We are a private, nonprofit organization dedicated to future care planning for disabled adults due to mental illness. Incorporated in 1999, PLAN was formed by a group of families with disabled family members — mostly sons and daughters — concerned about who would care for their disabled dependents when they were no longer able to do so themselves.

PLAN of Central Ohio offers an activities program where clients can form friendships, practice social skills and just have fun. We meet two times a month, transporting clients to and from each activity. Our case manager/client ratio is approximately 1 to 5 to provide a safe, supervised outing. Our program includes casual dinners at inexpensive restaurants, outings to movies and trips to local places of interest.  We have been able to continue our activities program in a safe, socially-distanced way, despite the COVID-19 epidemic.  We also offer Zoom-based activities to meet the needs of those who do not wish to be out and about in these unprecedented times.




Frequently Asked Questions


How long have you been around?

We were formed in 1999 by a group of families with disabled family members.

What is your mission?

PLAN of Central Ohio’s mission is to provide enhanced quality of life for individuals with mental illness.

What do your services consist of?

We provide a once weekly lunch club that is socially distanced and in person.  We also provide Zoom care coordination to address concerns that arise in individuals and their care as well as concierge support as needed should an individual need groceries or assistance with daily activities or crisis navigation.  Additionally, we provide zoom classes monthly in the form of yoga, movement, music appreciation, and fun facts to encourage socialization.

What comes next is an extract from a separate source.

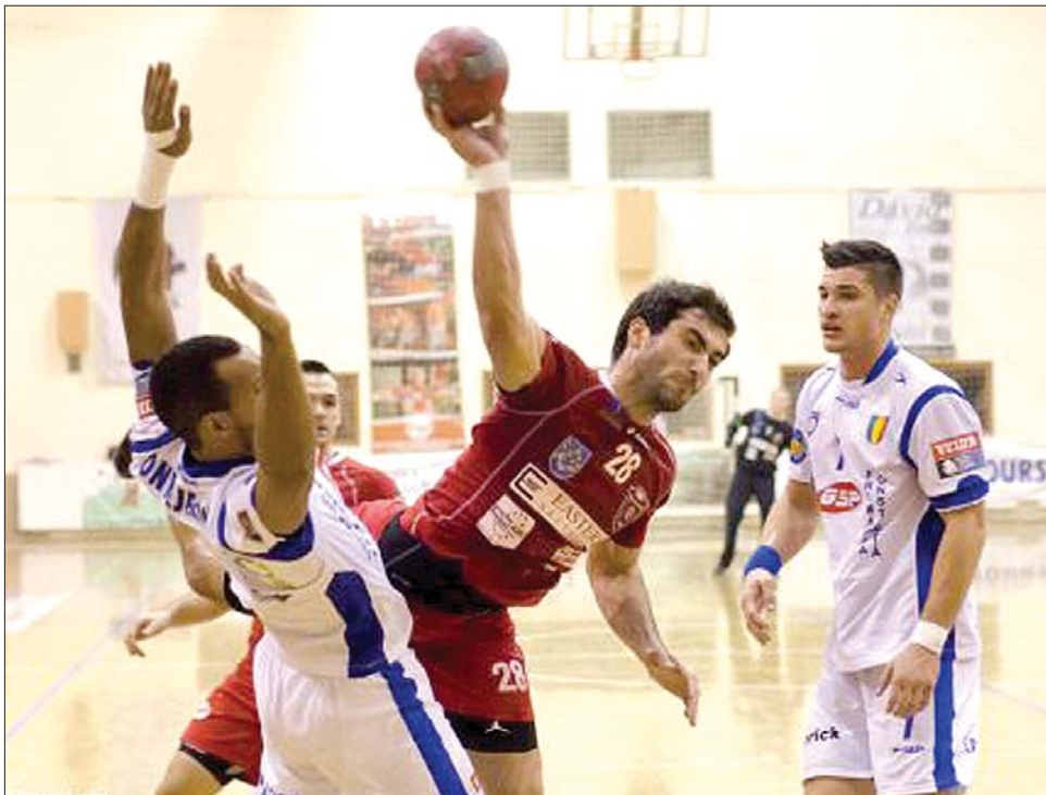
▶ Az udvarhelyiek (bordó mez) három bajnoki mérkőzéssel készülnek az európai kupamérkőzéseikre

Nyolc forduló után is pontvesztés nélkül, a konstancaiak vezetnek a bajnokságban, a 9 pontos udvarhelyi csapatot pedig a Bákó (14 pont), a Călărăși

We provide supplemental care coordination when individual needs “fall through the safety net” and support to families who are experiencing caregiver burnout.

What is Zoom care coordination?

When an individual needs someone to talk to in a time of need they can access our care coordinators via phone or Zoom. Talks can range from simple process sessions designed to address current stressors and concerns to support needs during times of crisis. We have transported clients for emergency psychiatric evaluation.  We deliver groceries and help with pet care.  We deliver meals from restaurants so that our client’s needs during COVID-19 are respected.

What is private pay mental health home care

The services we provide could easily fall under this umbrella and are designed for individuals who do not meet Medicaid criteria for case management services.

How do you get your referrals?

We get referrals from attorney who work as conservators for disabled individuals as well as family and friends who are interested in additional support for their loved one.

How do you address caregiver burnout?

We hold annual caregiver support workshops for caregivers of disabled adults.  These workshops offer a great deal of education on mental health first aid and burnout.  We offer a safe forum for caregivers to discuss their concerns and receive supportive feedback from others navigating the same issues.

What does a typical Plan client look like?

Our clients come from families who are seeking additional support in the form of structured activities to improve quality of life in the individual.

Who can become a member? 

Families, friends, potential and active clients who would like to access our services.

What is included in membership? 

There is an annual fee that allows individuals and their supports access to our programming.  To participate in lunch club and receive care coordination services there is an additional fee of $30.00 per hour plus mileage.

What are you doing to address COVID-19 in terms of your programming?

We are committed to ensuring that our activities are safe and socially distanced when meeting in person and provide the bulk of our content via Zoom to make sure that the needs of our clients and staff are respected.